Tracking a solvation process step by step
Chemists of Ruhr-Universität Bochum have tracked with unprecedented spatial resolution how individual water molecules attach to an organic molecule. They used low-temperature scanning tunneling microscopy to visualize the processes at a scale smaller than one nanometre. This allowed them to investigate the phenomena of hydrophilicity and hydrophobicity at the molecular level, i.e. why certain parts of organic molecules attract or repel water.
"The results are an important step on the path to understanding solvation processes, that is, how substances dissolve in water," explains Karsten Lucht of the Bochum Chair of Physical Chemistry I. He reports the results with the team led by Prof Dr. Karina Morgenstern and colleagues from the Chair of Organic Chemistry II in the journal Angewandte Chemie. The scientists cooperate in the excellence cluster Ruhr Explores Solvation, or Resolv for short.
The aim of the cluster is to understand how solvents affect the reactions in solution and the use of solvents to control reactions.
Tracking water accumulation step by step
As an organic molecule, the researchers used an azo dye that consists of two carbon rings with attached functional groups that are polar, i.e. slightly positively or negatively charged. They deposited the molecules on a gold single crystal and cooled the system to six Kelvin. Then they added individual water molecules step by step and observed where these attached to the dye.

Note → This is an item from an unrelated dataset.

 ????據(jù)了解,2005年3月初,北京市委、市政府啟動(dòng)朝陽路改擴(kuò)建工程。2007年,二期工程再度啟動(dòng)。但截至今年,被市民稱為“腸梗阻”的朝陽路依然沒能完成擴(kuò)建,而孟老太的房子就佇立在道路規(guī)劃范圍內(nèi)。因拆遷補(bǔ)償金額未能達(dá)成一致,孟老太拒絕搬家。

The first water molecules preferred to attach themselves to the polar functional groups. When the researchers increased the amount of water, the newly added molecules attached themselves to the water molecules that were already bonded. "Our experiments show that hydrophilicity and hydrophobicity can be traced back to molecular level," says Karina Morgenstern. The water molecules avoided non-polar areas of the molecule, polar areas were preferred.

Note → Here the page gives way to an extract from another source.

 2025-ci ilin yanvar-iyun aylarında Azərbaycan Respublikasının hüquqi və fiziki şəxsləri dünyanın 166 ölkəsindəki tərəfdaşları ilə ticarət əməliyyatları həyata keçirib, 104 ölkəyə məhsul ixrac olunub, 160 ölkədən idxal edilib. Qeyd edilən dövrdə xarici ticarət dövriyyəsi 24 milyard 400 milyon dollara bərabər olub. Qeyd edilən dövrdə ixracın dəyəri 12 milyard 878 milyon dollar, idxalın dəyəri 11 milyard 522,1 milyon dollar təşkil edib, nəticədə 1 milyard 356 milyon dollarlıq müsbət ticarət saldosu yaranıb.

Three complementary procedures
The processes that were observed here with scanning tunneling microscopy are usually investigated spectroscopically or with molecular dynamic simulations. However, the first method does not provide spatial information, and the latter is based on assumptions due to the size of the system. "Every method has its value," explains Karsten Lucht. "The three approaches complement each other."